NaStEP: a proteinase inhibitor essential to self-incompatibility and a positive regulator of HT-B stability in Nicotiana alata pollen tubes.

In Solanaceae, the self-incompatibility S-RNase and S-locus F-box interactions define self-pollen recognition and rejection in an S-specific manner. This interaction triggers a cascade of events involving other gene products unlinked to the S-locus that are crucial to the self-incompatibility response. To date, two essential pistil-modifier genes, 120K and High Top-Band (HT-B), have been identified in Nicotiana species. However, biochemistry and genetics indicate that additional modifier genes are required. We recently reported a Kunitz-type proteinase inhibitor, named NaStEP (for Nicotiana alata Stigma-Expressed Protein), that is highly expressed in the stigmas of self-incompatible Nicotiana species. Here, we report the proteinase inhibitor activity of NaStEP. NaStEP is taken up by both compatible and incompatible pollen tubes, but its suppression in Nicotiana spp. transgenic plants disrupts S-specific pollen rejection; therefore, NaStEP is a novel pistil-modifier gene. Furthermore, HT-B levels within the pollen tubes are reduced when NaStEP-suppressed pistils are pollinated with either compatible or incompatible pollen. In wild-type self-incompatible N. alata, in contrast, HT-B degradation occurs preferentially in compatible pollinations. Taken together, these data show that the presence of NaStEP is required for the stability of HT-B inside pollen tubes during the rejection response, but the underlying mechanism is currently unknown.

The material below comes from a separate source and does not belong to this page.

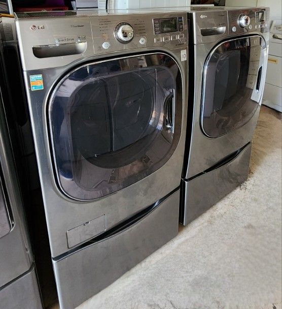 LG front load washer and electric dryer heavy duty super capacity both working great clean in n out energy star matching set with pedestals Hablo español
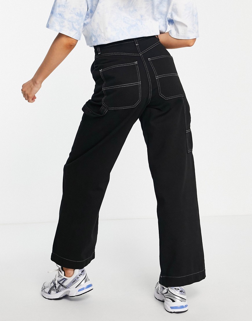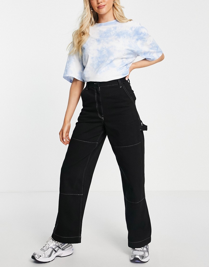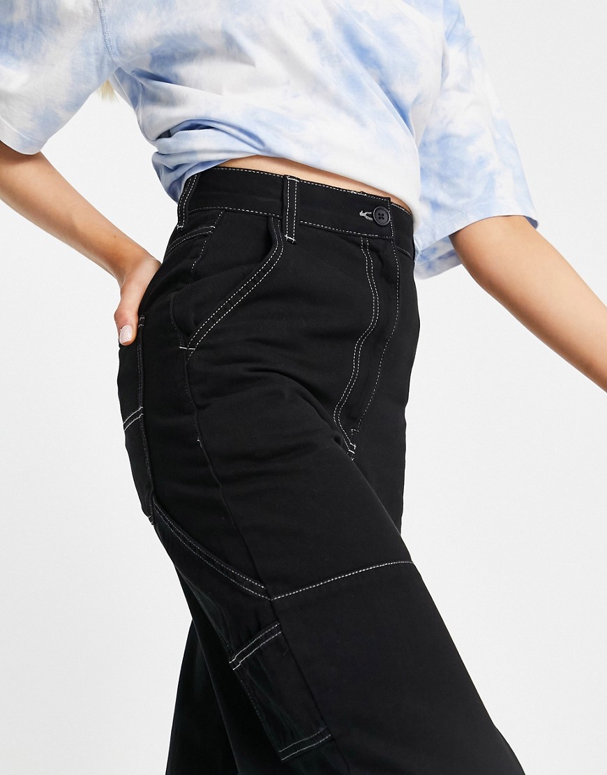 Topshop czarne spodnie bojówki w stylu work z prostymi nogawkami 42

Pollination in Nicotiana alata stimulates synthesis and transfer to the stigmatic surface of NaStEP, a vacuolar Kunitz proteinase inhibitor homologue.

After landing on a wet stigma, pollen grains hydrate and germination generally occurs. However, there is no certainty of the pollen tube growth through the style to reach the ovary. The pistil is a gatekeeper that evolved in many species to recognize and reject the self-pollen, avoiding endogamy and encouraging cross-pollination. However, recognition is a complex process, and specific factors are needed. Here the isolation and characterization of a stigma-specific protein from N. alata, NaStEP (N. alata Stigma Expressed Protein), that is homologous to Kunitz-type proteinase inhibitors, are reported. Activity gel assays showed that NaStEP is not a functional serine proteinase inhibitor. Immunohistochemical and protein blot analyses revealed that NaStEP is detectable in stigmas of self-incompatible (SI) species N. alata, N. forgetiana, and N. bonariensis, but not in self-compatible (SC) species N. tabacum, N. plumbaginifolia, N. benthamiana, N. longiflora, and N. glauca. NaStEP contains the vacuolar targeting sequence NPIVL, and immunocytochemistry experiments showed vacuolar localization in unpollinated stigmas. After self-pollination or pollination with pollen from the SC species N. tabacum or N. plumbaginifolia, NaStEP was also found in the stigmatic exudate. The synthesis and presence in the stigmatic exudate of this protein was strongly induced in N. alata following incompatible pollination with N. tabacum pollen. The transfer of NaStEP to the stigmatic exudate was accompanied by perforation of the stigmatic cell wall, which appeared to release the vacuolar contents to the apoplastic space. The increase in NaStEP synthesis after pollination and its presence in the stigmatic exudates suggest that this protein may play a role in the early pollen-stigma interactions that regulate pollen tube growth in Nicotiana.